It took several (maybe 10) attempts before it recreated this time.


Comment 4 Robert Peterson 2008-03-20 21:59:13 UTC
With the debug code, the problem would not recreate after hours of
trying.  The new debug printk messages changed the timing too much.
I modified the patch so that it keeps the history in memory, and 
dumps it out when the problem occurs.  With this modification
the problem recreated the first time I tried.  And here's what I got:

GFS: fsid=bobs_exxon:exxonfs.2: jid=2: Trying to acquire journal lock...
GFS: fsid=bobs_exxon:exxonfs.2: jid=2: Looking at journal...
GFS: fsid=bobs_exxon:exxonfs.2: jid=2: Done
217 lock 0,3 flags 0 pid 7439 lpflags 0
217 complete sb_status 0 lpflags 0
217 lock 3,1 flags 10 pid 7487 lpflags 0
217 complete sb_status 0 lpflags 0
217 lock 1,3 flags 1 pid 7487 lpflags 0
217 cancel pid 7487 lpflags 80
217 complete sb_status 0 lpflags 0
217 lock 3,1 flags 10 pid 7451 lpflags 0
217 complete sb_status 0 lpflags 0
217 lock 1,3 flags 1 pid 7487 lpflags 0
217 cancel pid 7487 lpflags 80
217 complete sb_status 0 lpflags 8
217 lock 3,1 flags 10 pid 7451 lpflags 8
lock_dlm: exxonfs: gdlm_lock 2,17 err=-16 cur=3 req=5 lkf=3044 flags=80


Comment 5 David Teigland 2008-03-24 19:17:51 UTC
Stepping back a step, this looks like about the same issue Abhi and I were
working on in Apr 2007 in response to this email:
https://www.redhat.com/archives/linux-cluster/2007-April/msg00182.html

Here's an email I sent summarizing our conclusions back then:

On Mon, Apr 23, 2007 at 05:45:23PM +0100, Robert Clark wrote:
> > >   I have a script which runs gfs_quota to set quotas for all the users
> > > on my GFS filesystem. When it's run simultaneously on two nodes, errors
> > > like the following begin to appear:
> > > 
> > >     lock_dlm: lm_dlm_cancel 2,34 flags 80
> > >     lock_dlm: lm_dlm_cancel rv 0 2,34 flags 40080
> > >     lock_dlm: complete dlm cancel 2,34 flags 40000
> > 
> > Writes to a hidden/internal file (like the quota file) set the PRIORITY
> > flag in the glock request, which cause the cancels.  I don't understand
> > why gfs would want to do cancels in this case, though, I was very
> > surprised to see that.  So, first job is to figure out why these writes
> > need to do cancels (or if that's the bug right there)
> 
>   Is the uncertainty about whether hidden writes should be prioritised
> or whether the priority should trigger cancels? Sorry, my understanding
> of all this is still a bit cursory.
> 
>   I don't know if this helps, but trawling back through the CVS log
> reveals that the conditions for the call to handle_cancels (now
> do_cancels) in glock_wait_internal was changed from LM_FLAG_NOEXP to
> LM_FLAG_PRIORITY in revision 1.8 for bz133368:
> 
>     http://sources.redhat.com/cgi-bin/cvsweb.cgi/cluster/gfs-kernel/src/gfs/glock.
c?cvsroot=cluster#rev1.8
> 
> apart from that, the code hasn't changed much that I can see.
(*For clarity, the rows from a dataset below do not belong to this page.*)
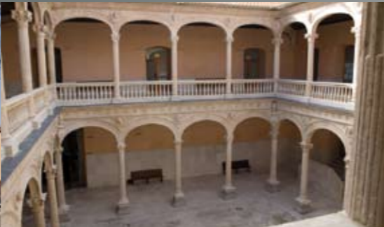
Palacio de los Dueñas (3-VI-1931)
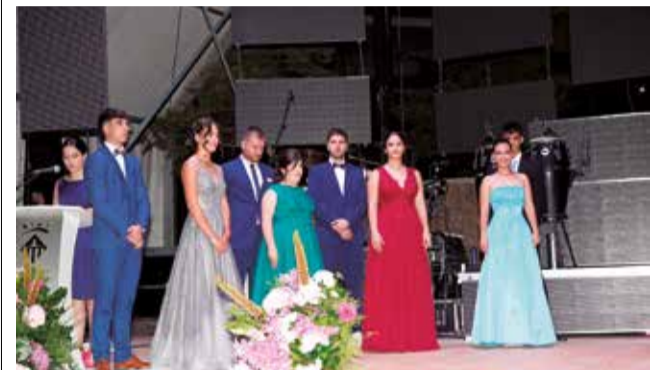
Presentació de la Cort d'Honor de Vilafamés 2024.
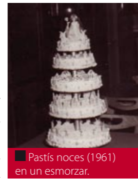
Pastís nocces (1961) en un esmorzar.

Tot i que també se'n pot dir lluna de mel, aquí a Bellpuig sempre n'han dit passejada. Possiblement el seu origen
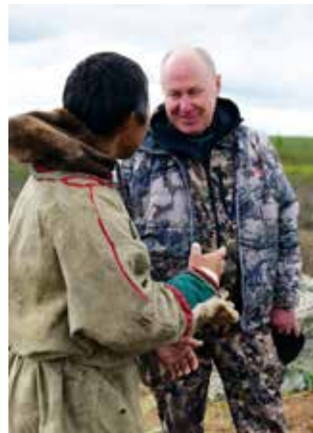
► МАТЕРИАЛ РАЗМЕЩЁН НА БЕЗВОЗМЕДНОЙ ОСНОВЕ, СОГЛАСНО ЗАО № 30 «О МУНИЦИПАЛЬНЫХ ВЫБОРАХ В ЯНАО»

экологии. Но надо отметить, что сегодня у предприятий ТЭК - совсем другая культура работы. Представители компаний встречаются с населением района и межселенных территорий, прислушиваются к их мнению, даже меняют маршруты газонефтепроводов, предусматривают переходы для оленьих стад. За счёт предприятий нефтегазового комплекса реализуется много проектов и в нашем муниципальном образовании, и в автономном округе, сегодня без них трудно развивать территорию. Главное, что есть понимание обеих сторон - необходимо соблюдать баланс между промышленным освоением и сохранением традиционного уклада жизни коренных северян и беречь экологию. Будем обязательно предпринимать меры по восполнению биоресурсов в Тазовском районе.
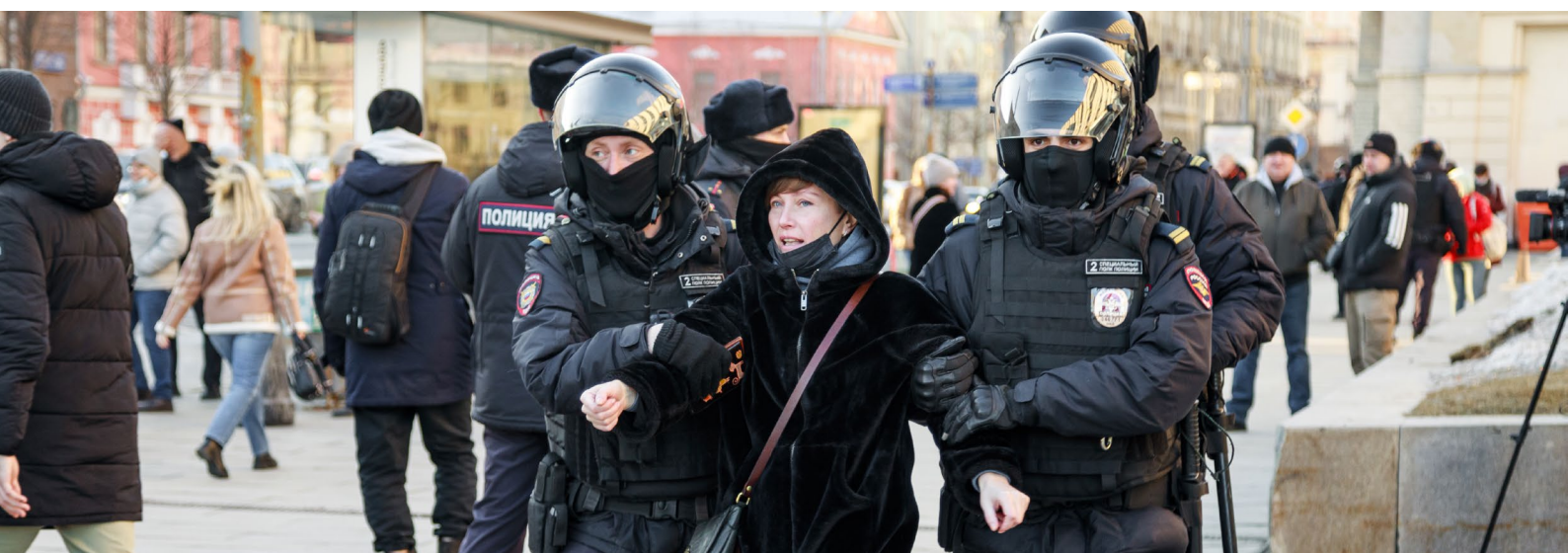
Москва, Россия - 7 февраля 2022 года: сотрудники полиции задерживают женщину на Пушкинской площади во время акции протеста против специальной военной операции.
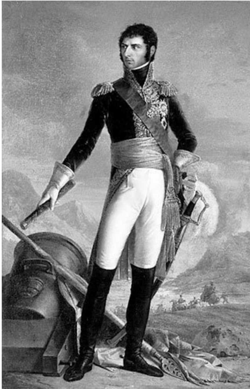
Жозеф-Николя Жуи. Копия с оригинала Франсуа-Жозефа Кинсона. Карл XIV Юхан (Жан-Батист-Жюль Бернадот).

В 1810 году, когда разворачивались события в Швеции, Жозеф-Антуан-Эннемонд Фурнье 13 , прежде занимавшийся коммерцией в Ганновере, а затем в Гётеборге, обанкротился. Он вернулся во Францию.
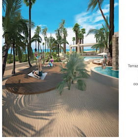
Terraza de usos multiples frente al mar Multiple uses ocean front terrace
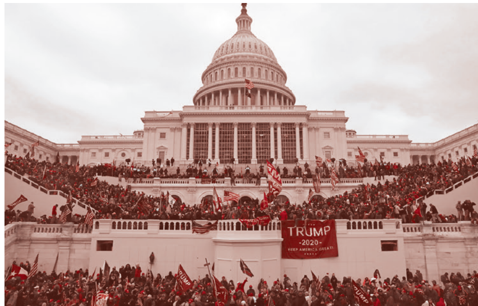
Сторонники Трампа у здания Капитолия. Вашингтон, США. 6 января 2021 г.

«Мы никогда не сдадимся, мы никогда не признаем поражения. Этого не про-

Heh, thanks a lot for digging that out, I'd been meaning to go back and
see if there was some history for that.  It further confirms what we're
becoming convinced of here, which is that we don't need or want to do
cancels when locking the quota file (which probably amounts to just
removing the PRIORITY flag from the hfile_write function).

The PRIORITY flag has had an ambiguous meaning over the years.  In the cvs
check-in you found, PRIORITY suddenly came to mean "cancel" in addition to
the vague "give this request preference" meaning it held before.  This
correctly fixed bz133368, but wasn't necessary (and was probably
incorrect) for hfile_write's PRIORITY use.  I'm guessing Ken didn't check
for other PRIORITY users, or did and thought it wouldn't make any
difference in this case (it usually doesn't).

We've been looking at how the quota file is locked by gfs, and we can't
see why it would ever need or want to do cancels as part of that.  We
believe that in your case, since you're running gfs_quota on more than one
node, the quota daemon is being delayed trying to lock the quota file,
which makes it likely that the gfs_quota command will come in and cancel
the lock request from the daemon.

We're going to be removing the PRIORITY flag from hfile_write and running
some tests to verify that it works ok.

Dave

Comment 6 David Teigland 2008-03-24 19:35:19 UTC
I think the unresolved question that Abhi and I had last spring, was whether
we should just remove the PRIORITY flag from hfile_write (which removes both
the cancels and the higher preference in the dlm), or whether we should remove
the cancels but keep the higher dlm preference for the lock.  I didn't think
that this middle ground was necessary, but thought it may be a little safer
given that it would be a smaller change to the existing behavior, i.e. removing
just the part we don't want (cancels) and leaving the other part.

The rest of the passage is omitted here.